TO DO:
The records that follow are to be repeated exactly, with the pictures removed.

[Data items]
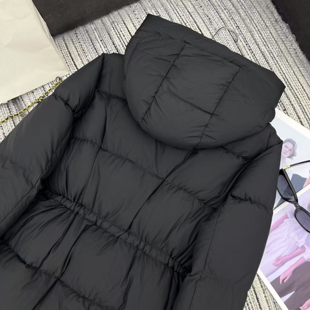 Prada 2025 Drawstring Waist Hooded Jacket Black Down Polyester
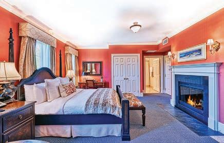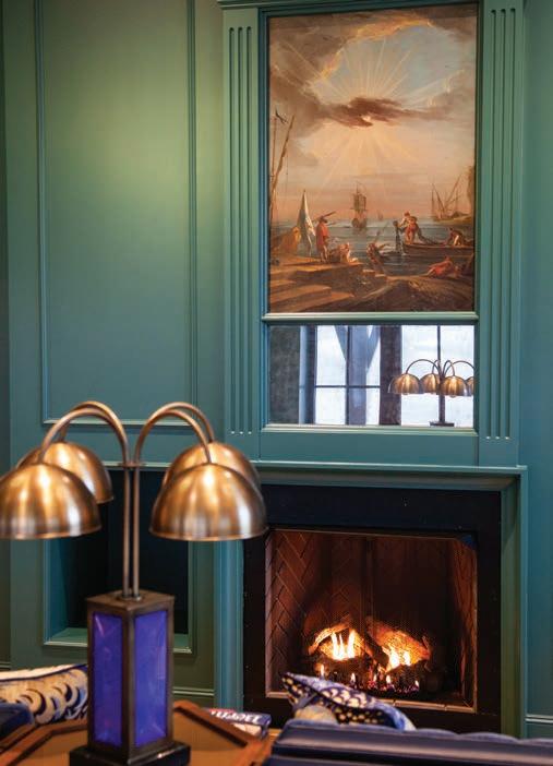 Custom, Victorian-tiered chandeliers of shimmering blue-green prisms in the lobby, as well as the sconces in the hotel’s La Plage Restaurant & Oyster Bar, echo a time when prisms refracted daylight on ships to illuminate life below deck. A trumeau mirror, crowned with a maritime painting, hangs above the fireplace in the lobby – the setting for the Juniper Books installation, whose spines form a whaling ship and a map of Mystic Seaport.
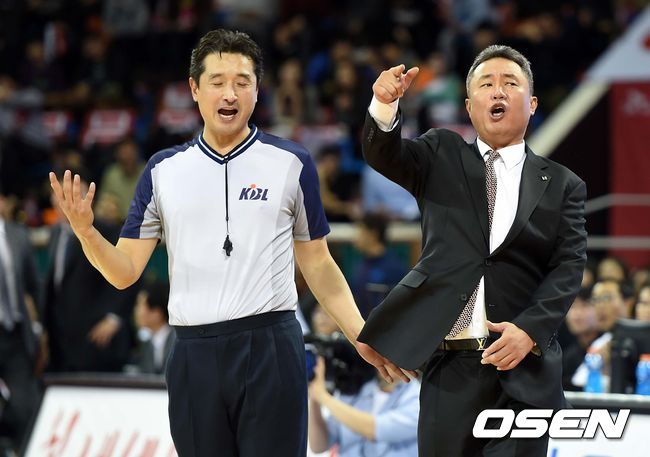 4쿼터 KT 전창진 감독이 라인아웃 판정때 SK 선수의 몸에 맞았다 어필하고 있다.
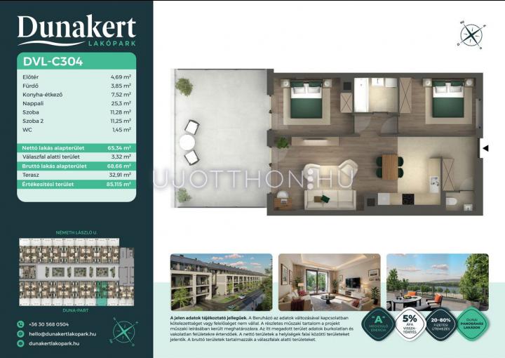 A Dunakert Lakópark Vác északi részén, a Németh László utcában épül, egy csendes, rendezett városrészben, közvetlenül a Duna-part mellett. A négyszintes épületben 152 modern, energiahatékony lakás kap helyet. A praktikus stúdióktól a nappali + több hálószobás családi otthonokig. Az emeleti lakásokhoz tágas terasz, a földszintiekhez saját kert tartozik, így minden lakó számára biztosított a privát kültéri tér és a természetkapcsolat.
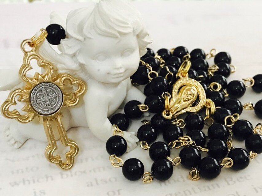 お品受取りしました。2つ共に良い出来上りで、丁寧に包んで下さり有難うございました。 このような大きな玉とメダイで大変だったのではないかと申し訳なく思います。
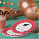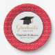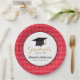 This graduation paper (disposable) plate features a graphic of a graduation hat (mortarboard) and customisable text for: Class of, Graduates Name, Name of School. This paper plate is accented with a white swirl pattern on a red background.
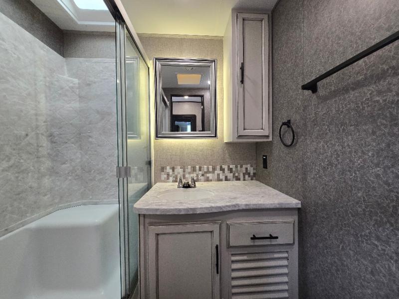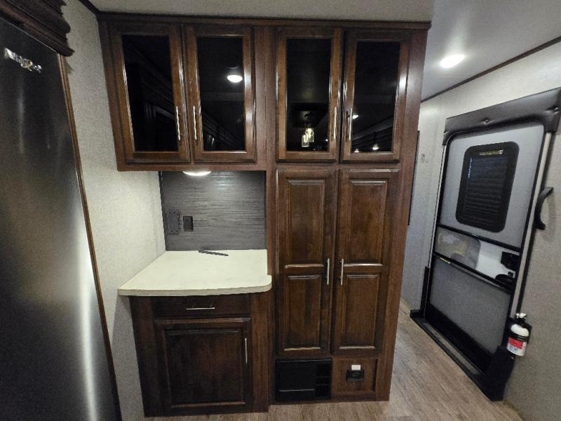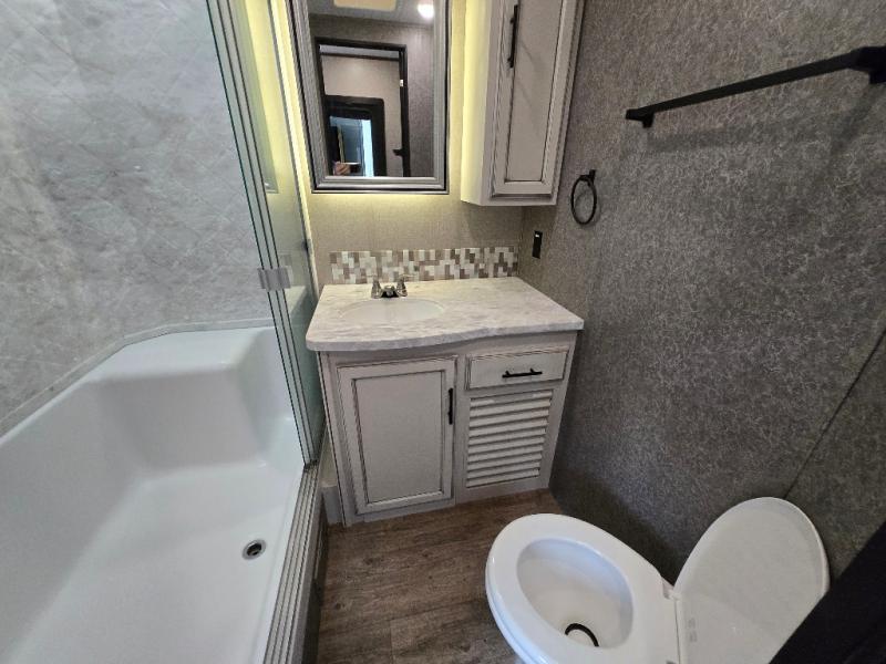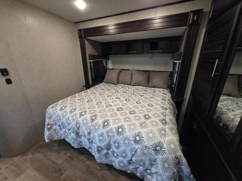 Plan to stay awhile in this cozy travel trailer than can sleep four each night. Once you arrive at your destination you can set up the two power awnings and unload your gear from the pass-through storage. You'll find comfortable seating spaces in the rear living area on the tri-fold sofa and the theatre seat, and the fireplace will make it feel more like home. You may want to set up a snack bar at the kitchen island and watch a movie on the 4K Ultra HD Smart TV, or you can play a game at the free-standing table with chairs. This model features a spacious bathroom with a large shower with a seat, plus a linen closet for your towels, and you'll feel right at home in the front bedroom with a queen bed and plenty of storage space for your clothes.
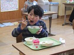 〇今日の給食のメニューは、麦ごはん、雑煮、田作り、紅白なますでした。
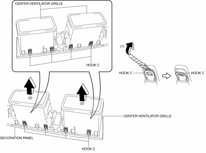 3. Push the edge of center ventilator grille in the direction of arrow (1) and detach hooks C.
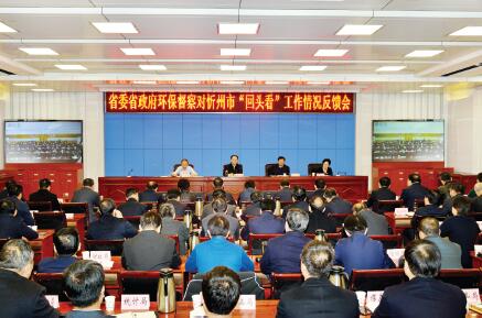 圖為省委省政府環(huán)保督察對忻州市“回頭看”工作情況反饋會會場。本報記者范濤攝
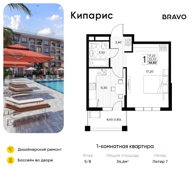 Продаётся 1-комн. квартира от застройщика c отделкой в ЖК "Кипарис" на 5 этаже. Общая площадь:34.6 кв.м., площадь просторной кухни-столовой:9.3. B квартире один балкон. Высота потолков 2.81 м.
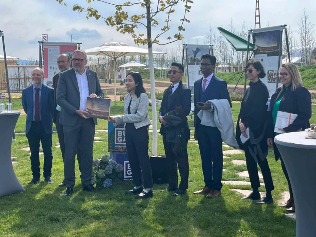 MID students win 2nd prize at Lagi Competition at Buga Mannheim 2023. Congratulations to the 2nd place winning team behind “Kaleidoscopic Dune,” Muny-Roth Chev, Jason Daniel, and Vatsapol Nanta. In the image from left to right: the MID-team, Elizabeth Monoian (LAGI Founding director), Michael Schnellbach (CEO BUGA 2023), Peter Kurz (Mayor of the city of Mannheim), Robert Ferry (LAGI founding director), Yi Yang Chai (First place award), Tina Nailor (Site Project manager BUGA 2023)
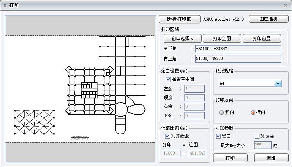 ②打印:点击该选项,弹出下图对话框,设置打印机、图层选项、打印区域、余白设置、纸张规格、打印方向、调整比例及附加参数等选项后,点击 可直接打印当前图形结果文件
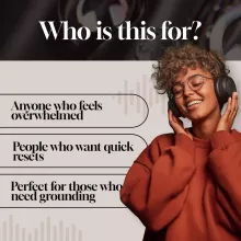 Anyone craving a gentle way to unwind between busy moments. People who want short, effective meditations for clarity, confidence, and stress relief. Perfect for those new to mindfulness or returning to a consistent practice.

ANSWER TO THIS PROBLEM:
 Prada 2025 Drawstring Waist Hooded Jacket Black Down Polyester
 Custom, Victorian-tiered chandeliers of shimmering blue-green prisms in the lobby, as well as the sconces in the hotel’s La Plage Restaurant & Oyster Bar, echo a time when prisms refracted daylight on ships to illuminate life below deck. A trumeau mirror, crowned with a maritime painting, hangs above the fireplace in the lobby – the setting for the Juniper Books installation, whose spines form a whaling ship and a map of Mystic Seaport.
 4쿼터 KT 전창진 감독이 라인아웃 판정때 SK 선수의 몸에 맞았다 어필하고 있다.
 A Dunakert Lakópark Vác északi részén, a Németh László utcában épül, egy csendes, rendezett városrészben, közvetlenül a Duna-part mellett. A négyszintes épületben 152 modern, energiahatékony lakás kap helyet. A praktikus stúdióktól a nappali + több hálószobás családi otthonokig. Az emeleti lakásokhoz tágas terasz, a földszintiekhez saját kert tartozik, így minden lakó számára biztosított a privát kültéri tér és a természetkapcsolat.
 お品受取りしました。2つ共に良い出来上りで、丁寧に包んで下さり有難うございました。 このような大きな玉とメダイで大変だったのではないかと申し訳なく思います。
 This graduation paper (disposable) plate features a graphic of a graduation hat (mortarboard) and customisable text for: Class of, Graduates Name, Name of School. This paper plate is accented with a white swirl pattern on a red background.
 Plan to stay awhile in this cozy travel trailer than can sleep four each night. Once you arrive at your destination you can set up the two power awnings and unload your gear from the pass-through storage. You'll find comfortable seating spaces in the rear living area on the tri-fold sofa and the theatre seat, and the fireplace will make it feel more like home. You may want to set up a snack bar at the kitchen island and watch a movie on the 4K Ultra HD Smart TV, or you can play a game at the free-standing table with chairs. This model features a spacious bathroom with a large shower with a seat, plus a linen closet for your towels, and you'll feel right at home in the front bedroom with a queen bed and plenty of storage space for your clothes.
 〇今日の給食のメニューは、麦ごはん、雑煮、田作り、紅白なますでした。
 3. Push the edge of center ventilator grille in the direction of arrow (1) and detach hooks C.
 圖為省委省政府環(huán)保督察對忻州市“回頭看”工作情況反饋會會場。本報記者范濤攝
 Продаётся 1-комн. квартира от застройщика c отделкой в ЖК "Кипарис" на 5 этаже. Общая площадь:34.6 кв.м., площадь просторной кухни-столовой:9.3. B квартире один балкон. Высота потолков 2.81 м.
 MID students win 2nd prize at Lagi Competition at Buga Mannheim 2023. Congratulations to the 2nd place winning team behind “Kaleidoscopic Dune,” Muny-Roth Chev, Jason Daniel, and Vatsapol Nanta. In the image from left to right: the MID-team, Elizabeth Monoian (LAGI Founding director), Michael Schnellbach (CEO BUGA 2023), Peter Kurz (Mayor of the city of Mannheim), Robert Ferry (LAGI founding director), Yi Yang Chai (First place award), Tina Nailor (Site Project manager BUGA 2023)
 ②打印:点击该选项,弹出下图对话框,设置打印机、图层选项、打印区域、余白设置、纸张规格、打印方向、调整比例及附加参数等选项后,点击 可直接打印当前图形结果文件
 Anyone craving a gentle way to unwind between busy moments. People who want short, effective meditations for clarity, confidence, and stress relief. Perfect for those new to mindfulness or returning to a consistent practice.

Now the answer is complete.